I ruled that inadmissible. It is argumentative.
[52] Objection is taken to the italicised phrases in paragraph 25:
There were occasions in late 2011 and 2012 when Hugh went through some rough patches physically. However, he remained astute and sharp minded throughout. At no stage did anyone suggest that Hugh was not fully in command of his mental faculties, and there were many hundreds who interacted with Hugh during this time, whether in connection with HGG business or socially.
[53] I ruled the second sentence of the paragraph admissible because it is again descriptive, although repetitive. The last sentence is not helpful.
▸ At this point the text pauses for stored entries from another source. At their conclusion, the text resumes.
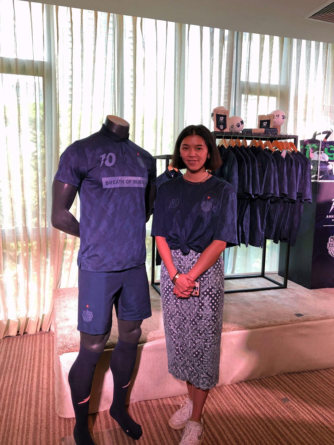 น.ส.ชิดชนก ชิดชอบ ผู้อำนวยการฝ่ายสินค้าที่ระลึกสโมสรบุรีรัมย์ ยูไนเต็ด กล่าวว่า ในส่วนของการพัฒนาเสื้อจากขวดพลาสติกนั้น ทางสโมสรได้ร่วมพัฒนากับบริษัท นันยางการทออุตสาหกรรม จำกัด ผู้พัฒนาเทคโนโลยีผ้า Syntrel (เท็กซ์ไทล์) และเป็นผู้ผลิตเสื้อให้สโมสรมาโดยตลอด โดยเสื้อที่ผลิตนั้นเป็นการนำขวดน้ำ PET แบรนด์ “ช้าง” ผู้สนับสนุนหลักสโมสร จำนวน 17 ขวดมาผลิตเป็นเสื้อฟุตบอล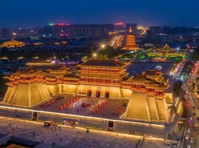 Ngoại quan Ứng Thiên Môn về đêm - được biết đến với tên gọi khác là Ngũ Phụng Lâu xây dựng vào năm 605, là một trong những cổng thành đặc biệt của thành phố Lạc Dương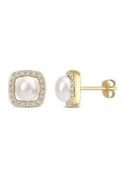 - Post back, Butterfly clasp, 2 pearl, 38 created white sapphire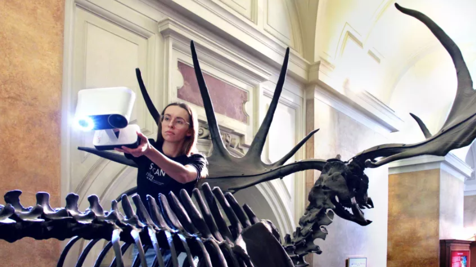 维也纳自然历史博物馆的维奥拉·温克勒正在使用Artec Leo扫描巨鹿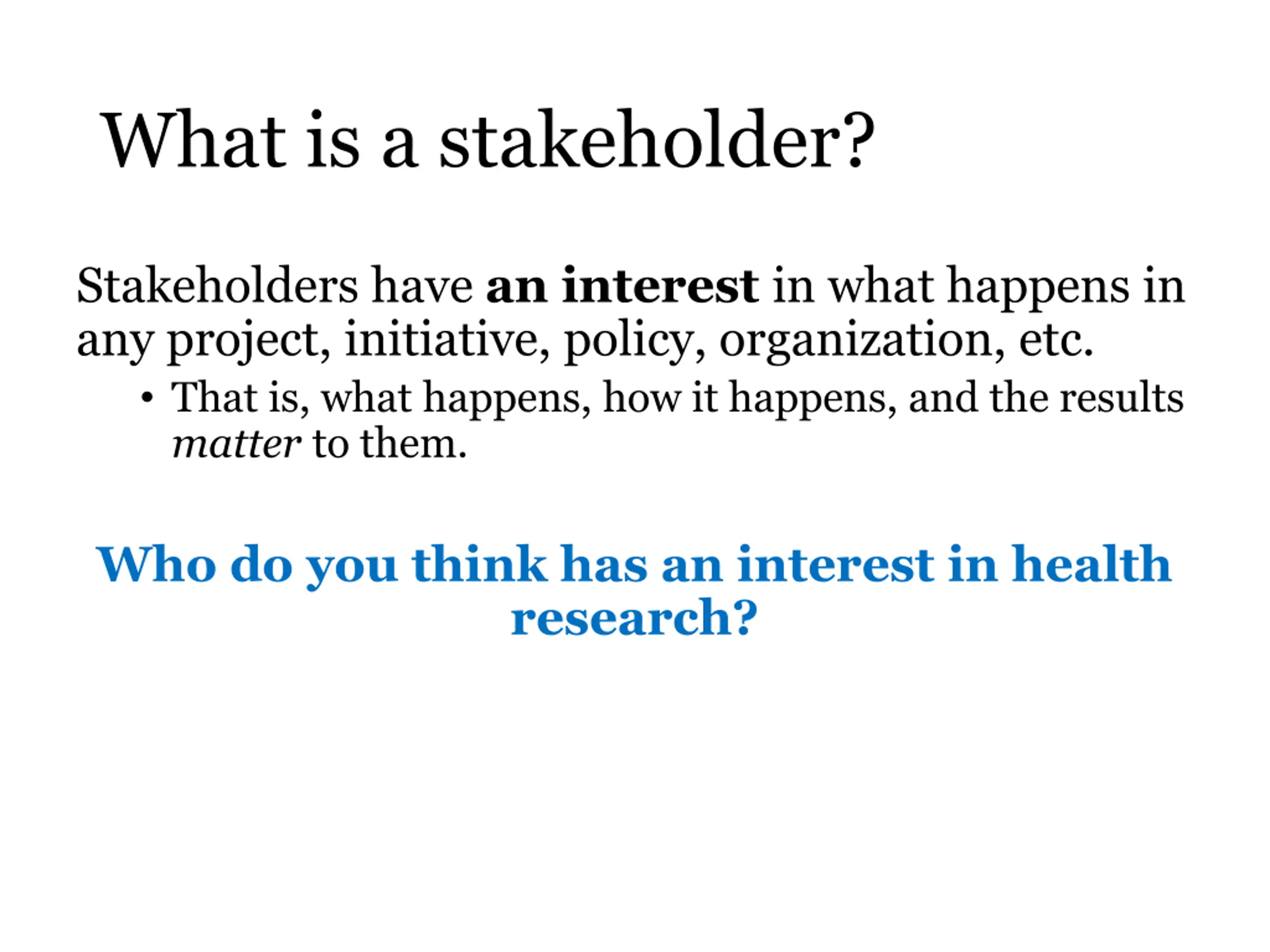 What is a stakeholder? Stakeholders have an interest in what happens in any project, initiative, policy, organization, etc. That is, what happens, how it happens, and the results matter to them. Who do you think has an interest in health research?

The absence of others observing to Mrs Green that they observe any deficit in Mr Green’s mental functioning is of doubtful probative value, and opens up a collateral enquiry which is best not pursued.
[54] Objection was taken to a statement in paragraph 30 “and what Maryanne claims is utterly unsupportable”. I ruled that inadmissible. It is argumentative.
[55] Objection is taken to the entirety of paragraph 33 and the last sentence in paragraph 34. Those paragraphs read as follows:
[33] The suggestion by Maryanne that Hugh's decisions to remove her from her positions as trustee and director were not his choice or true wish is incorrect. They were very much Hugh’s own decisions and not part of a plan engineered by John and Michael Fisher (or supported by Frances) as Maryanne has suggested.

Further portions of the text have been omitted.